Contract Formation Issues in Employment Arbitration (download here) by Richard Bales, Professor of Law at Northern Kentucky University - Salmon P. Chase College of Law.

This article looks at five issues that are often raised in contract-formation challenges to the enforceability of employment arbitration agreements:

  • notice
  • consent
  • the employer’s retention of a right unilaterally to modify the agreement
  • non-reciprocal obligations
  • consideration

The concluding paragraph states:

As a general rule, courts will enforce employment arbitration agreements when the employer (1) provides employees with a clearly-drafted arbitration agreement, (2) provides employees with sufficient time to read the agreement (and perhaps to consult an attorney) before signing the agreement, (3) provides something to the employee in return for the employee’s signing of the arbitration agreement, such as a reciprocal promise to arbitrate or some other form of consideration, and (4) obtains from the employee a signed acknowledgment stating that the employee has received and read the arbitration agreement and that she understands and agrees to it.

Abstract of the article:

American courts operate under the strong presumptions that the Federal Arbitration Act makes nearly all claims arbitrable and nearly all arbitration agreements enforceable.
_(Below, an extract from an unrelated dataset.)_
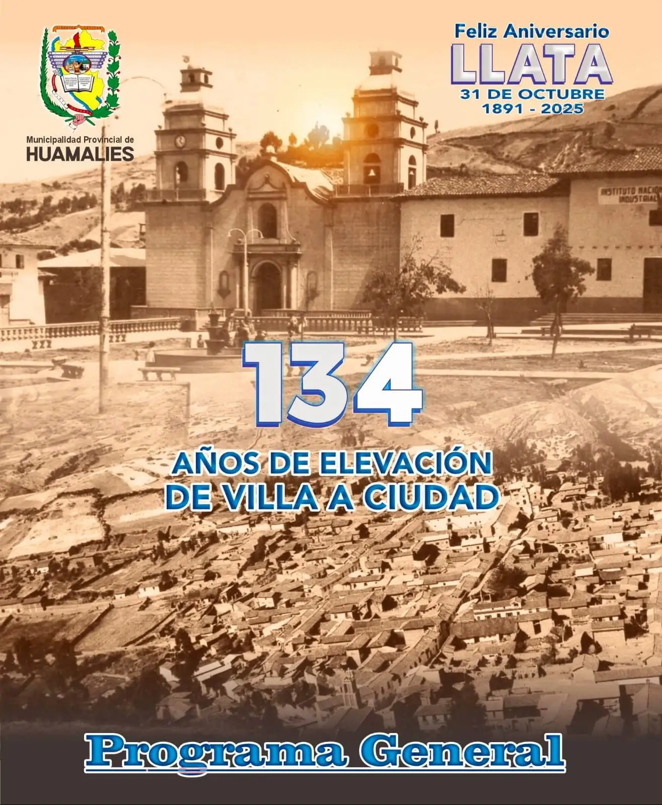 La ciudad de Llata, capital de la provincia de Huamalíes, celebrará este 31 de octubre 134 años de haber sido elevada de villa a ciudad. El consejero regional Ricardo Prado informó que las celebraciones se realizan en el marco de un mes festivo para toda la provincia, ya que seis distritos también conmemoran su aniversario de creación política durante octubre.

However, the FAA Section 2 provides that arbitration agreements “shall be valid, irrevocable, and enforceable, save upon such grounds that exist at law or in equity for the revocation of any contract.” This apparent reservation of a broad role for state contract law is undercut significantly by two Supreme Court doctrines: the FAA preemption doctrine (which forbids state courts and legislatures from “singling out” arbitration agreements for inferior treatment) and the separability doctrine (which requires that contract-law challenges directed at the contract as a whole – as opposed to at the arbitration clause specifically – be decided by arbitrators rather than courts).

The Court has interpreted both of these doctrines broadly. Though the broad interpretation of these doctrines has been extensively criticized, the effect nonetheless has been to constrict the applicability of state contract law to arbitration agreements. This, in turn, has created considerable tension between those doctrines and the Section 2 reservation of state contract law. This article discusses and evaluates several potential limitations on the preemption and separability doctrines, particularly as applied to employment arbitration agreements, which would preserve a broader role for state contract law.

The Supreme Court’s FAA preemption and separability doctrines frame the “big picture” of the scope of state authority regarding arbitral contract formation. After discussing and evaluating these doctrines, this article shifts focus and examines in detail how state courts have applied state contract law to employment arbitration agreements. State contract law, of course, differs considerably from state to state. This article does not examine in detail this state-to-state variation generally (e.g., on different approaches to mutuality), but instead focuses specifically on how this variation affects judicial approaches to employment arbitration agreements. This article examines five issues that often are raised in contract-formation challenges to the enforceability of employment arbitration agreements: notice, consent, the employer’s retention of a right unilaterally to modify the agreement, non-reciprocal obligations to arbitrate, and consideration.